ACS DIVISION OF BIOLOGICAL CHEMISTRY

February 9th, 2015 by Aguileta, M. A., Korac, J., Durcan, T. M., Trempe, J., Haber, M., Gehring, K., Elsasser, S., Waidmann, O., Fon, E. A., Husnjak, K.

Mutations in the Park2 gene, encoding the RING-HECT hybrid E3 ubiquitin ligase parkin, are responsible for a common familial form of Parkinson′s disease (PD). By mono- and polyubiquitinating target proteins, parkin regulates various cellular processes, including degradation of proteins within the 26S proteasome, a large multimeric degradation machine. In our attempt to further elucidate the function of parkin, we have identified the proteasomal ubiquitin receptor Rpn13/ADRM1 as a parkin-interacting protein. We show that the N-terminal ubiquitin-like (Ubl) domain of parkin binds directly to the pleckstrin-like receptor for ubiquitin (Pru) domain within Rpn13. Using mutational analysis and NMR, we find that Pru binding involves the hydrophobic patch surrounding Ile44 in the parkin Ubl, a region that is highly conserved between ubiquitin and Ubl domains. However, compared to ubiquitin, the parkin Ubl exhibits greater than 10-fold higher affinity for the Pru domain. Moreover, knockdown of Rpn13 in cells increases parkin levels and abrogates parkin recruitment to the 26S proteasome, establishing Rpn13 as the major proteasomal receptor for parkin.

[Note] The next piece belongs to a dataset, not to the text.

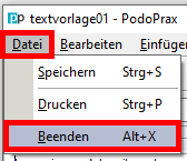 Zum Einen können Sie über den Menü-Eintrag "Datei" auf den Menüpunkt "Beenden" klicken.
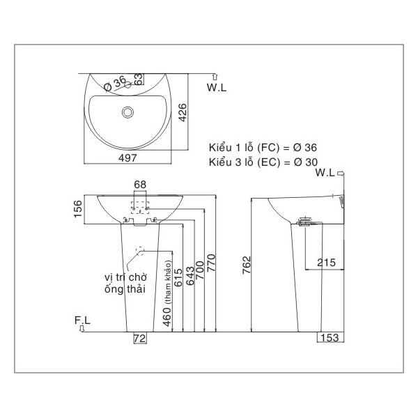 Giá trên áp dụng cho sản phẩm màu trắng (chưa bao gồm chân chậu), đã bao gồm thuế, mua từ 02 bộ trở lên miễn phí vận chuyển trong nội thành Hà Nội với bán kính 15km kể từ vị trí Công ty.

In contrast, silencing Rpn13 did not impair parkin recruitment to mitochondria or parkin-mediated mitophagy upon CCCP-induced mitochondrial depolarization. However, it did delay the clearance of mitochondrial proteins (TIM23, TIM44 and TOM20) and enhance parkin autoubiquitination. Taken together, the findings implicate Rpn13 in linking parkin to the 26S proteasome and regulating the clearance of mitochondrial proteins during mitophagy.